Parents of picture-book readers needn’t leave home to enjoy story time with their children. This week, Barnes & Noble.com debuted its Online Storytime program, videos featuring pan-and-scan filming of picture books accompanied by readings by authors or celebrities. A new Online Storytime entry will be added to the site on the first Tuesday of each month. The inaugural offering features Jane O’Connor narrating her Fancy Nancy: Bonjour, Butterfly (HarperCollins) along with displays of Robin Preiss Glasser’s illustrations.
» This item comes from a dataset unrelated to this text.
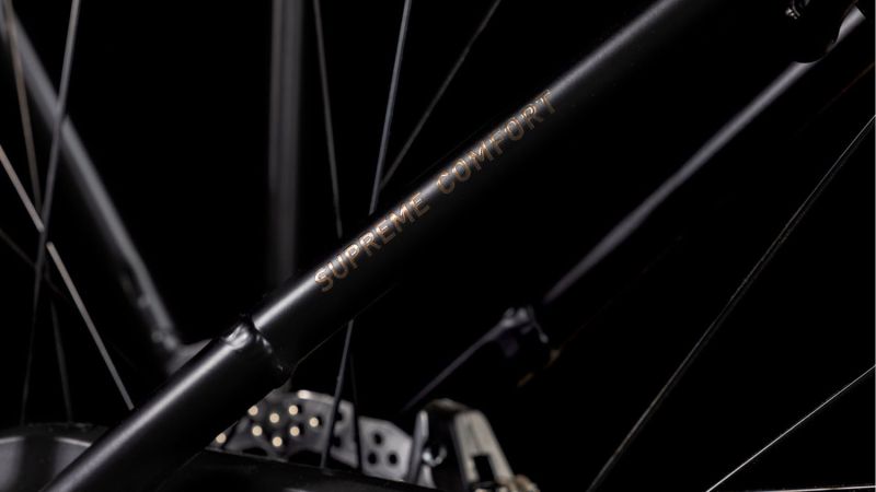 Schlicht, elegant, praktisch und sicher: So lässt sich der Supreme Hybrid Rahmen wohl am besten beschreiben. Dank PowerTube Design fügt sich der Bosch 625 Wh Akku formschön ein, was für einen schlanken, harmonischen Look sorgt. Auch der Bosch Active Plus Motor verschwindet praktisch unbemerkt im Rahmen. Zudem macht dieser Tiefeinsteiger seinem Namen alle Ehre und ermöglicht bequemes und schnelles Auf- und Absitzen. Zugunsten erstklassiger Lenkpräzision und einfachem, intuitivem Handling hat CUBE sich für ein superstabiles und sicheres konifiziertes Steuerrohr entschieden. Der Rahmen wurde speziell für die Verwendung mit einer wartungsarmen Nabenschaltung konzipiert und inkludiert einen semi-integrierten Gepäckträger. Doch praktisch ist nicht alles – für eine durch und durch authentische, elegante Optik kam das Smooth Welding Verfahren zum Einsatz. Übrigens ist das Chassis in vielen verschiedenen Größen von 42 bis 58 cm verfügbar – so findest du garantiert die richtige Passform für dich.

Rachel Jarrett, director of kids and lifestyle products for Barnes & Noble.com, explains that Online Storytime was created “to give our customers the same great experience online that they have with their children at our in-store B&N Storytimes. That is a magical experience, and we wanted to capture some of that magic and make it available 24 hours a day.”

The titles spotlighted on the site are selected by collaborative effort among Jarrett, members of her department, and production staffers who create the videos. Jarrett calls Fancy Nancy: Bonjour Butterfly “a perfect story for the program’s launch, since it has a springtime theme, is fun and entertaining, and its artwork is so beautiful—it almost tells the story on its own.”

She notes that Fancy Nancy is among B&N’s most popular picture-book series, as is Jon Scieszka’s Trucktown, which is the second Online Storytime selection. Beginning on July 6, visitors to the site can listen to the author reading his Smash! Crash! (Simon & Schuster) and watch Jack Truck and Dump Truck Dan smashing and crashing in illustrations created by David Shannon, Loren Long, and David Gordon.

For a limited time, those accessing the Online Storytime site will receive a 45% discount on Fancy Nancy books and toys. Similar promotions will be offered in conjunction with subsequent books featured on the site, though Jarrett notes that the terms and length of the promotions are “not set in stone.”

“At the end of the day, the goal of both our in-store story times and Online Storytime is to encourage a love of reading in children,” says Jarrett. “It is great to be able to do this two ways.”